What you have to do: Write out a word-for-word repetition of the lines that come before the line containing "Dotychczas jakość wykonania" in the listing below, along with that line itself, omitting pictures.
■ ■ ■ ■ ■ ■ ■
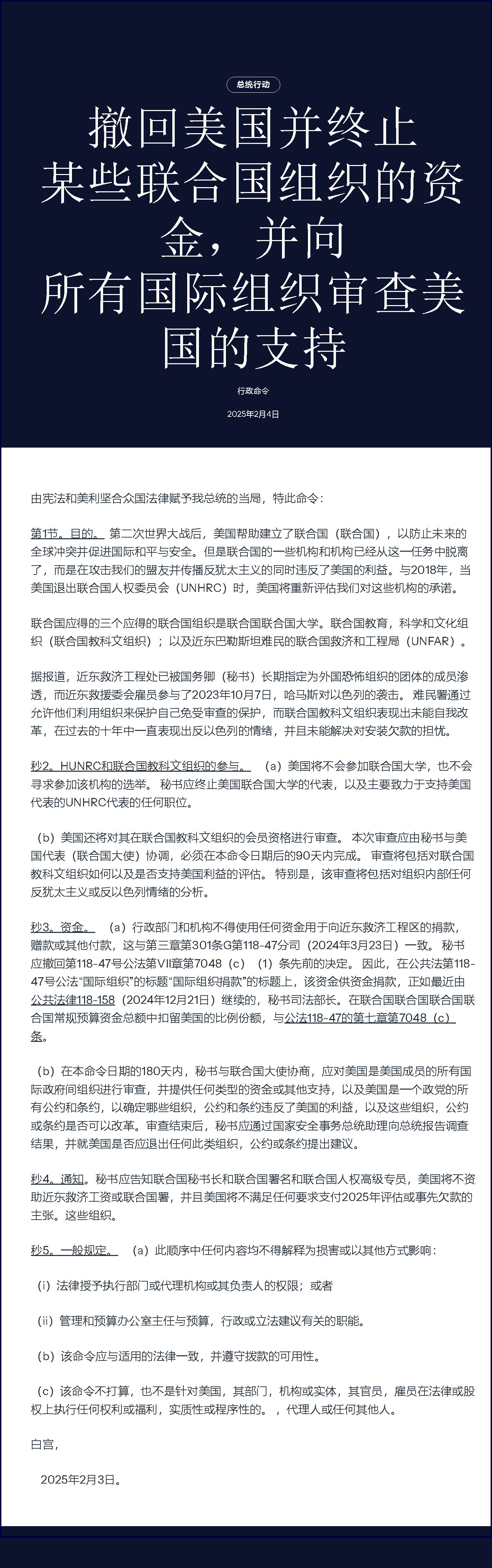 行政令还要求继续停止向联合国近东巴勒斯坦难民救济和工程处(近东救济工程处)提供支持,并评估美国在联合国教科文组织中的参与情况。
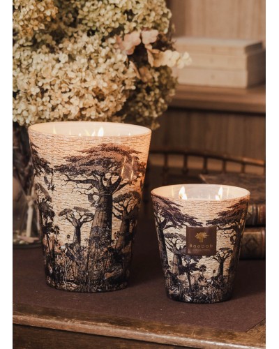 La bougie parfumée Mankono porte le nom de la région du nord de la Côte d’Ivoire où nous poursuivons nos actions sociales et écologiques. Son verre est habillé d’un imprimé exclusif, dessiné par les artistes d’Uniwax – maison emblématique d’impression de textiles africains – qui se place harmonieusement sur le verre, tout en prenant vie sous la flamme grâce à l’expertise de la sublimation. Les tons bruns et jaunes safran du dessin sur le verre sont en accord parfait avec son parfum boisé et épicé. La bougie devient un objet décoratif ethnique, suivant dans son allure l’ADN de notre marque.
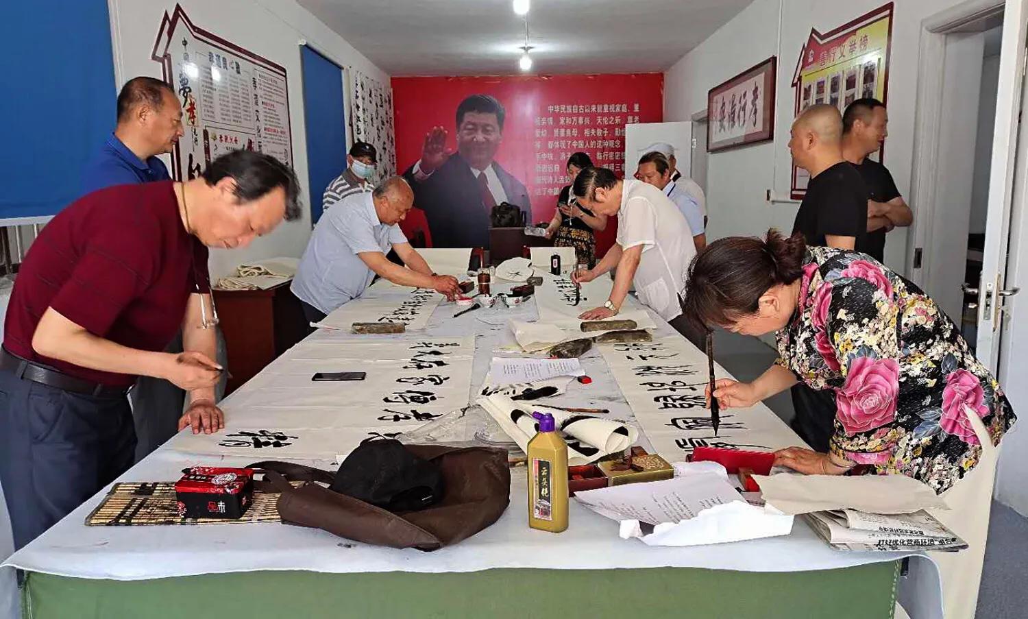 上午8:30在村部会议室,王国松致欢迎词并进一步介绍了金牛村厚重的历史文化,并就目前该村在办事处的正确领导下目前正在实施以党建为引领,以孝聚力、以文兴村战略,讲述了前几天已经分批邀请淮安区历史文化研究会会长金志庚等文史专家、赵庆生等诗词名家来到该村进行采风指导。今天邀请诸位书画家来我村采风举行笔会,是我村借船出海,请大家为我村文化发展助力,在金牛留下您们宝贵的墨宝。
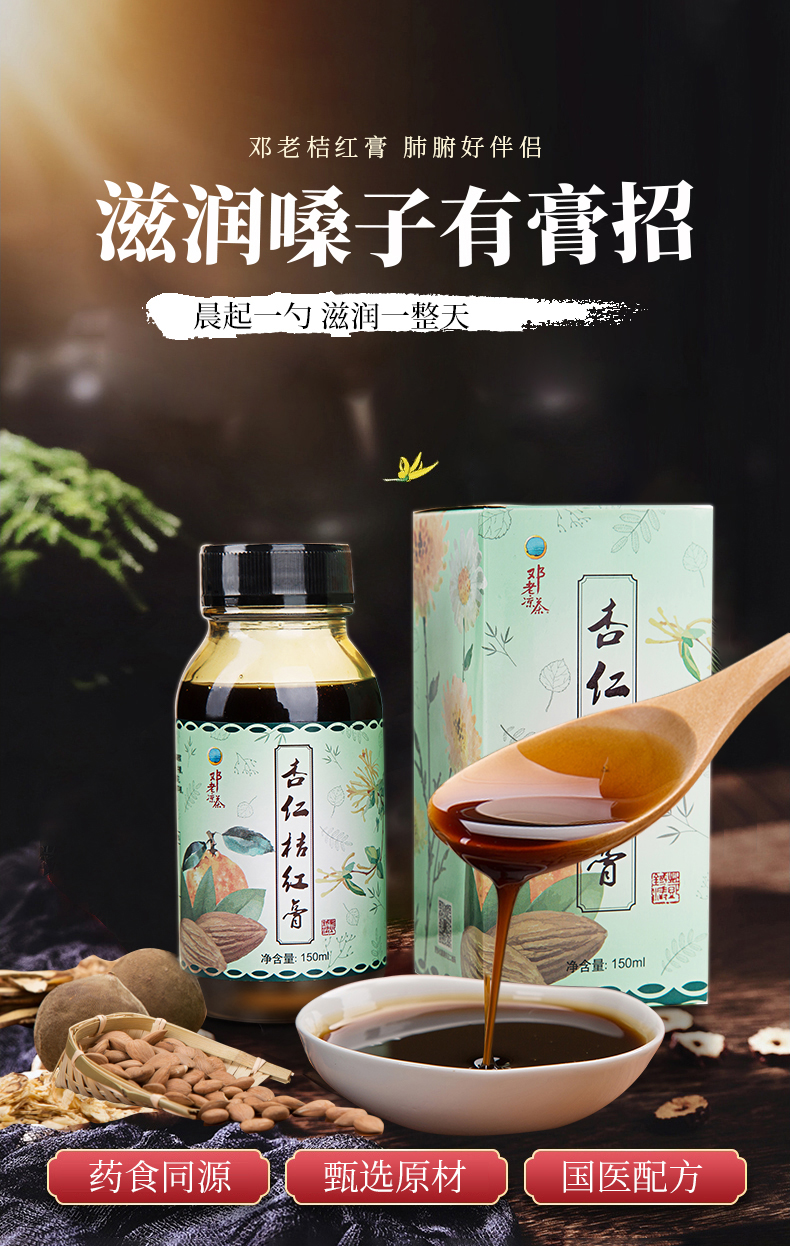 邓老杏仁桔红膏广东植物凉茶怕上火蜜炼膏蜂蜜橘红蜜茶150ml/瓶*3
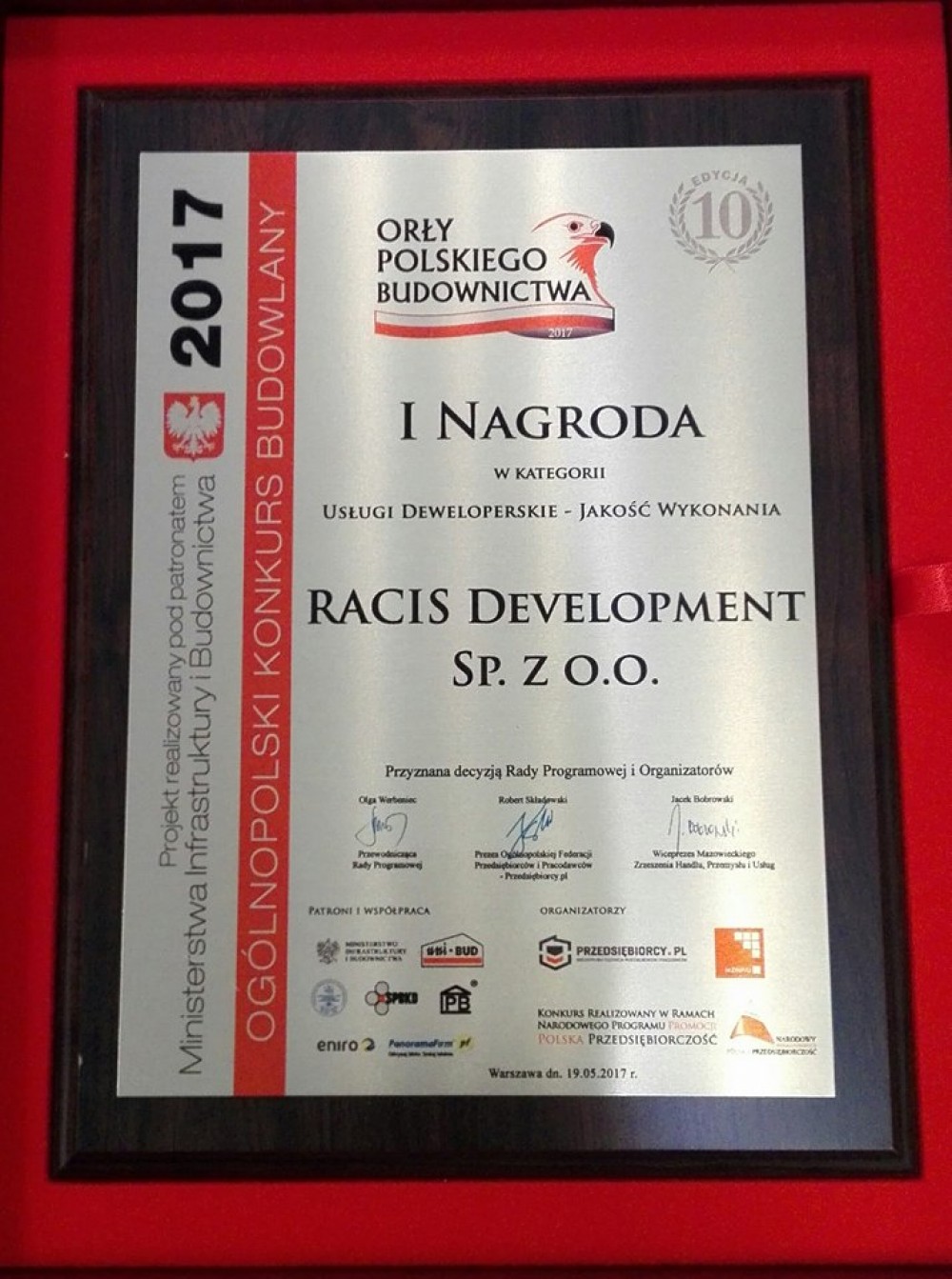 Dotychczas jakość wykonania doceniali klienci. Teraz profesjonalizm firmy Racis Development potwierdziło także jury ogólnopolskiego konkursu „Orły Polskiego Budownictwa”. Suwalski deweloper odebrał podczas Wielkiej Gali w Warszawie Złotego Orła Polskiego Budownictwa, zajmując I miejsce w kategorii “Usługi Deweloperskie - Jakość Wykonania”.
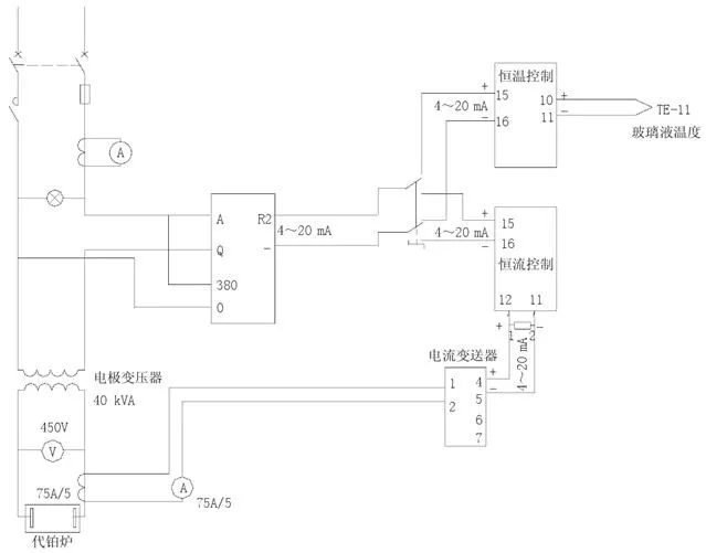 一般來說,坩堝的控制對象主要分為三種:電熔控制、漏板控制、加球控制三個方面。在電熔控制中,人們普遍采用恒流儀表,但是也有一部分采用恒壓控制,這兩種方式都可以。在漏板控制中,人們在日常的生活生產(chǎn)中大多用的是恒溫控制,但是也有部分采用恒溫控制。而對于加球控制來說,人們則更加傾向于間歇加球控制。在人們?nèi)粘5纳a(chǎn)中,這三種不方式已經(jīng)足夠,但是對于有著特殊要的玻纖細(xì)紗來說,這些控制方式仍然是存在一些缺點(diǎn)的,例如漏板的電流和電壓的控制精度不好掌握,漏板的溫度波動很大,所生產(chǎn)的紗線密度的波動很大。或者一些現(xiàn)場應(yīng)用儀表沒有與生產(chǎn)工藝結(jié)合較好,沒有有針對性的從坩堝法的特點(diǎn)來入手制定控制方式。亦或者它容易出現(xiàn)故障,穩(wěn)定性不是很好。以上種種例子表明在生產(chǎn)生活中需要精密控制,認(rèn)真研究,努力提高玻璃纖維制品的質(zhì)量。2.1.1控制技術(shù)的主要環(huán)節(jié)2.1.1.1電熔控制 首先要明確保證流進(jìn)漏板內(nèi)液體的溫度保持均勻穩(wěn)定,并且保證正確合理坩堝的結(jié)構(gòu),電極的布置,加球的位置和方式。所以,在電熔控制中,最重要的是保證控制系統(tǒng)穩(wěn)定。電熔控制系統(tǒng)采用智能的控制儀、電流變送器和電壓調(diào)整器等,根據(jù)實(shí)際情況,采用4位有效數(shù)字的儀表來降低成本,電流則采用有獨(dú)立有效值的電流變送器。實(shí)際生產(chǎn)中,根據(jù)效果,在采用這個系統(tǒng)來恒流控制中,在較為成熟合理的工藝條件基礎(chǔ)上,流入液槽的液體溫度能夠控制在±2攝氏度之內(nèi),所以經(jīng)研究發(fā)現(xiàn)它的可控制性較好,已接近于池窯拉絲工藝。
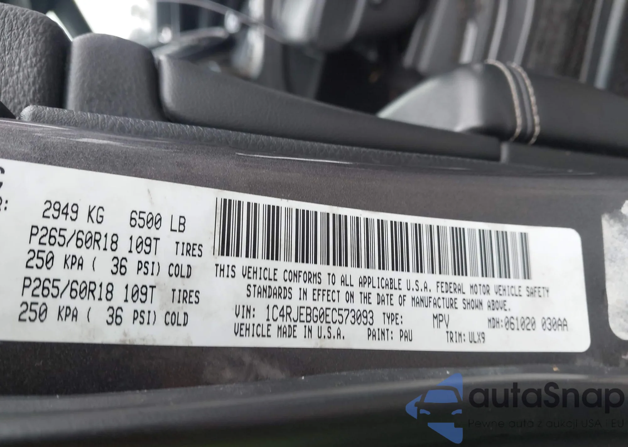 Samochód Jeep Grand Cherokee 2014 (VIN 1C4RJEBG0EC573093) był już licytowany 1 razy i/lub sprzedaje go niezweryfikowany sprzedawca. Zalecamy raport Carfax i potwierdzenie możliwości rejestracji pojazdu przed zakupem.
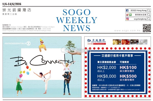 SOGO铜锣湾店本周最新优惠:
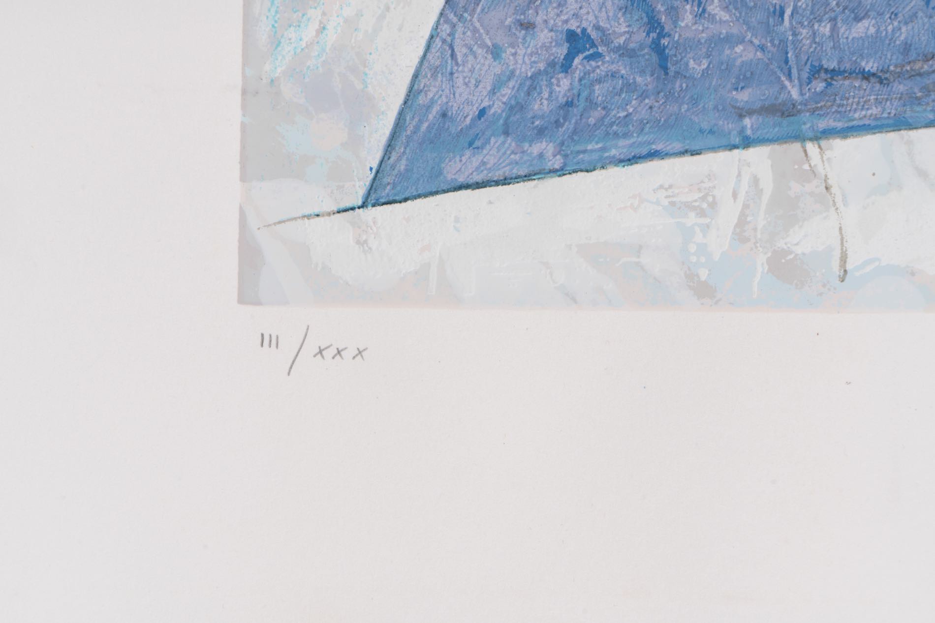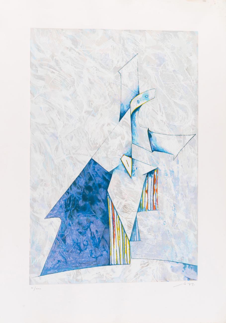 Litografia materica a colori su carta, firmata in basso a destra, numero di tiratura in basso a sinistra III/XXX, Lastra H cm 76.5x51 (lievi difetti)
■ ■ ■ ■ ■ ■ ■
Worked solution:
 行政令还要求继续停止向联合国近东巴勒斯坦难民救济和工程处(近东救济工程处)提供支持,并评估美国在联合国教科文组织中的参与情况。
 La bougie parfumée Mankono porte le nom de la région du nord de la Côte d’Ivoire où nous poursuivons nos actions sociales et écologiques. Son verre est habillé d’un imprimé exclusif, dessiné par les artistes d’Uniwax – maison emblématique d’impression de textiles africains – qui se place harmonieusement sur le verre, tout en prenant vie sous la flamme grâce à l’expertise de la sublimation. Les tons bruns et jaunes safran du dessin sur le verre sont en accord parfait avec son parfum boisé et épicé. La bougie devient un objet décoratif ethnique, suivant dans son allure l’ADN de notre marque.
 上午8:30在村部会议室,王国松致欢迎词并进一步介绍了金牛村厚重的历史文化,并就目前该村在办事处的正确领导下目前正在实施以党建为引领,以孝聚力、以文兴村战略,讲述了前几天已经分批邀请淮安区历史文化研究会会长金志庚等文史专家、赵庆生等诗词名家来到该村进行采风指导。今天邀请诸位书画家来我村采风举行笔会,是我村借船出海,请大家为我村文化发展助力,在金牛留下您们宝贵的墨宝。
 邓老杏仁桔红膏广东植物凉茶怕上火蜜炼膏蜂蜜橘红蜜茶150ml/瓶*3
 Dotychczas jakość wykonania doceniali klienci. Teraz profesjonalizm firmy Racis Development potwierdziło także jury ogólnopolskiego konkursu „Orły Polskiego Budownictwa”. Suwalski deweloper odebrał podczas Wielkiej Gali w Warszawie Złotego Orła Polskiego Budownictwa, zajmując I miejsce w kategorii “Usługi Deweloperskie - Jakość Wykonania”.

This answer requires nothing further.